The data: Begin
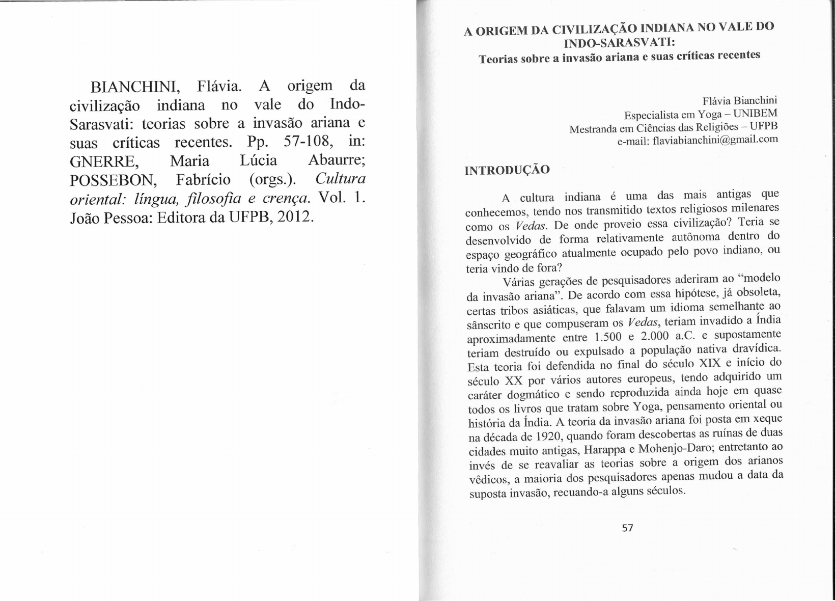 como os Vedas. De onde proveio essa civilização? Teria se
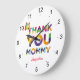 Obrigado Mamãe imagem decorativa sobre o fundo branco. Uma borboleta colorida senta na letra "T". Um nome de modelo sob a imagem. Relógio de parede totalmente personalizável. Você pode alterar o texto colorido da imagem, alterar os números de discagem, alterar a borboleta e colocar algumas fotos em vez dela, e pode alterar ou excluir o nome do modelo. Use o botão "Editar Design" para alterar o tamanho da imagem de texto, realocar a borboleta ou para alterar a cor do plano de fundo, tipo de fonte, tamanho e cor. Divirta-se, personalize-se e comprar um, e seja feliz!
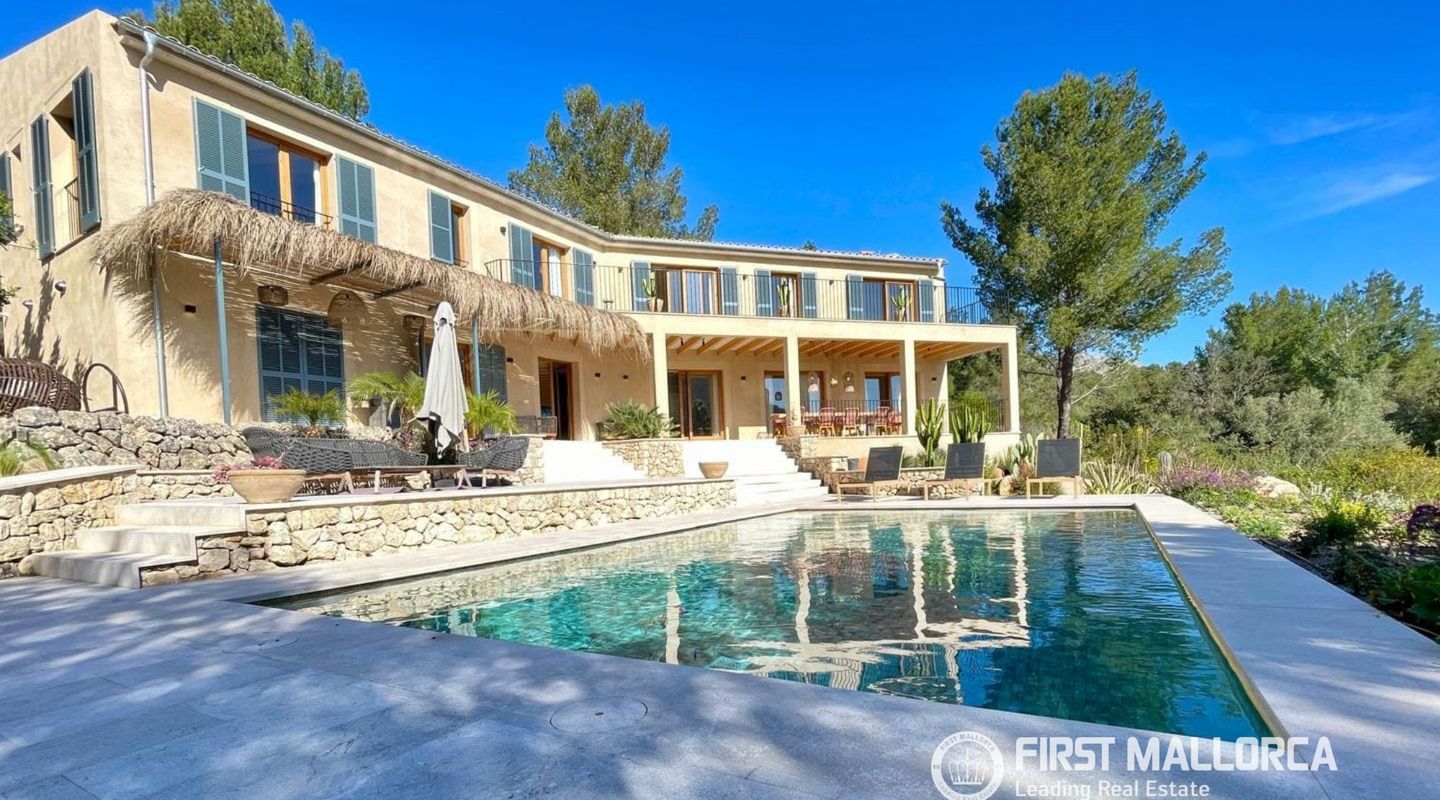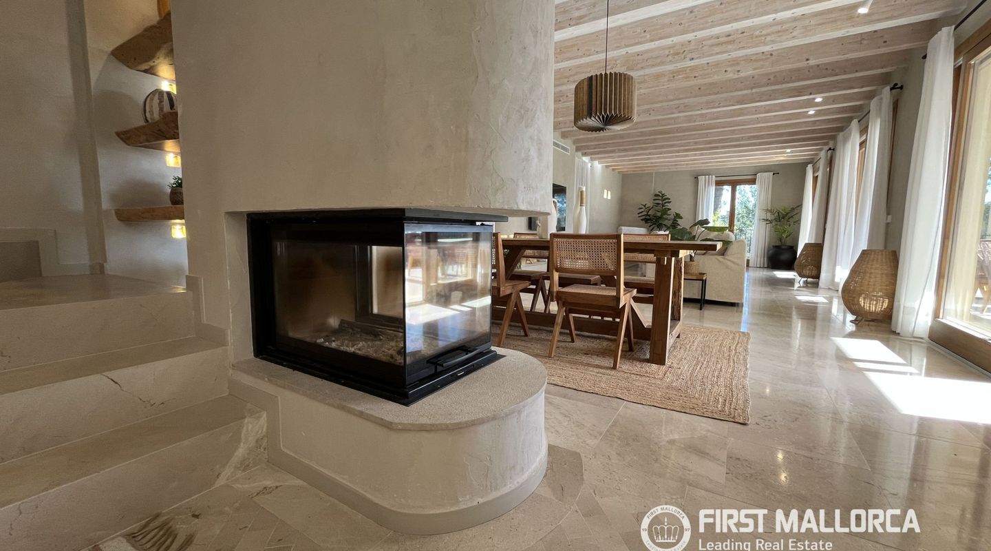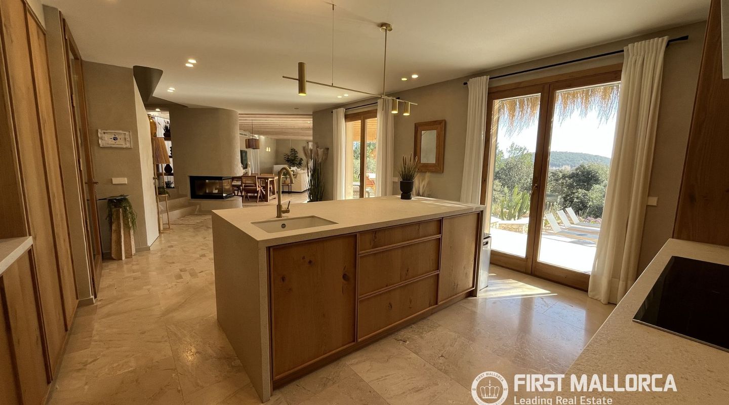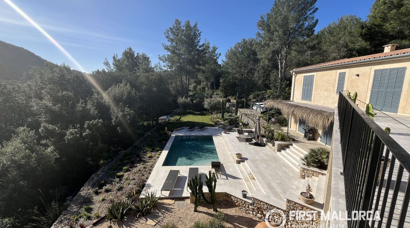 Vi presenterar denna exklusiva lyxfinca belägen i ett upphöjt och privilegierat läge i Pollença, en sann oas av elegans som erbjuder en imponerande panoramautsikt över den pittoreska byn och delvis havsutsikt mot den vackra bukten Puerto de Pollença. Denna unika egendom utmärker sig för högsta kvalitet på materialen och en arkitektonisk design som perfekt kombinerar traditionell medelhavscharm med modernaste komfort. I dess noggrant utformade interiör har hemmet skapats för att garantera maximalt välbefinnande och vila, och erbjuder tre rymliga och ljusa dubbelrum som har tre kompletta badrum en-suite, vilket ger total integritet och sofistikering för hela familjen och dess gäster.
The data: End
Work to complete:
Output the material verbatim, skipping the images.

Answer box:
 como os Vedas. De onde proveio essa civilização? Teria se
 Obrigado Mamãe imagem decorativa sobre o fundo branco. Uma borboleta colorida senta na letra "T". Um nome de modelo sob a imagem. Relógio de parede totalmente personalizável. Você pode alterar o texto colorido da imagem, alterar os números de discagem, alterar a borboleta e colocar algumas fotos em vez dela, e pode alterar ou excluir o nome do modelo. Use o botão "Editar Design" para alterar o tamanho da imagem de texto, realocar a borboleta ou para alterar a cor do plano de fundo, tipo de fonte, tamanho e cor. Divirta-se, personalize-se e comprar um, e seja feliz!
 Vi presenterar denna exklusiva lyxfinca belägen i ett upphöjt och privilegierat läge i Pollença, en sann oas av elegans som erbjuder en imponerande panoramautsikt över den pittoreska byn och delvis havsutsikt mot den vackra bukten Puerto de Pollença. Denna unika egendom utmärker sig för högsta kvalitet på materialen och en arkitektonisk design som perfekt kombinerar traditionell medelhavscharm med modernaste komfort. I dess noggrant utformade interiör har hemmet skapats för att garantera maximalt välbefinnande och vila, och erbjuder tre rymliga och ljusa dubbelrum som har tre kompletta badrum en-suite, vilket ger total integritet och sofistikering för hela familjen och dess gäster.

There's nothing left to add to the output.